Yep. We all understand why this press release dropped at midnight. 

I forgot about the supposedly revolutionary autofocus system. Those 105 focus points are less than the D5’s 153-point AF system. But Nikon promises it’s “the most powerful AF system in Nikon’s history.” We shall see. Then there’s the same 20.8-megapixel sensor from the D5. Not saying it needs a massive megapixel leap, but a change would be welcome and differentiate the camera from the crowd. 

Other specs saw a marginal boost with fps hitting 14, up from 12 using the mechanical shutter. Nikon’s ‘silent mode’ can achieve 10.5fps with the electronic shutter. That’s solid until you see the specs of the Sony a9 II and Canon 1DX III. Also known as the competition. It’s here the specs fall flat with both hitting 20fps.

If Nikon priced the D6 lower than the 1DX III, we could argue about video features. Do professional photographers need 5.5K RAW? No. However, the cameras sharing the same price you enter the territory of ‘why not?’ Canon has it. 

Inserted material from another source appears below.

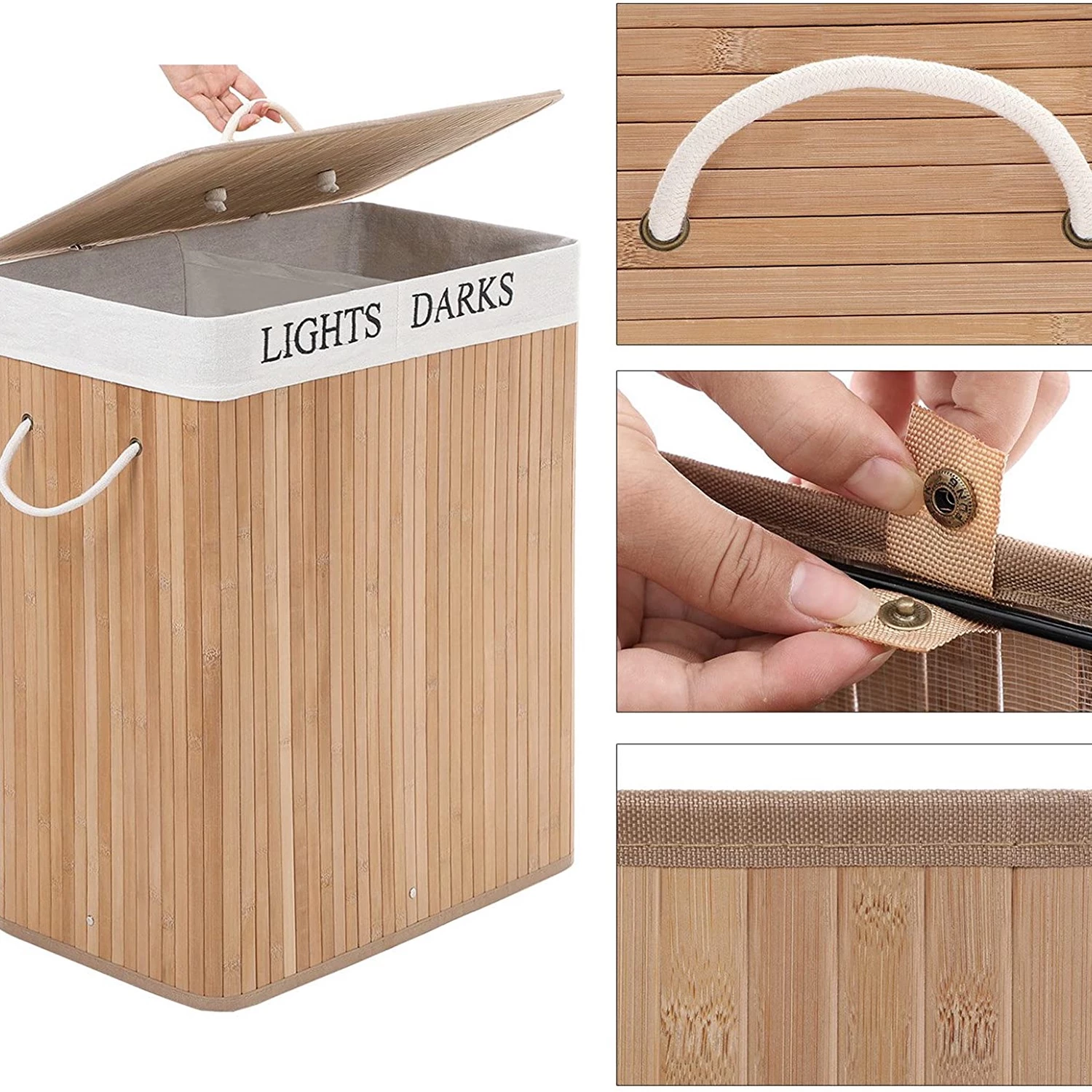 - Bambou / Fer / MDF (panneau de fibres de bois à moyenne densité) / Tissu

Nikon? 4K at 30fps. Yeah, that’s not a good look. Though the press release was sure to tout the ability 2MP and 8MP stills when recording in 1080p and 4K, respectively. If we can all agree professional photographers don’t need 5.5K RAW video, we can damn sure agree they won’t be pulling 2MP stills and sending them to the various wire services. 

It’s not that the D6 is a bad camera. On the contrary, it’s definitely a flagship. The issue is when compared to competitors, it comes off as Nikon being about 2-3 years behind the times. In a market facing severe headwinds, that’s not what you want to present to your legion of fans and professional users. Yeah, having USB-C is cool, but that’s not going to push me over the edge to buy the Nikon D6. 

It should have competed with the 1DX III in terms of video, even if the video functions are way overdone for a sports camera. Without some excitement, Nikon is quickly running the risk of being an also-ran over a market leader.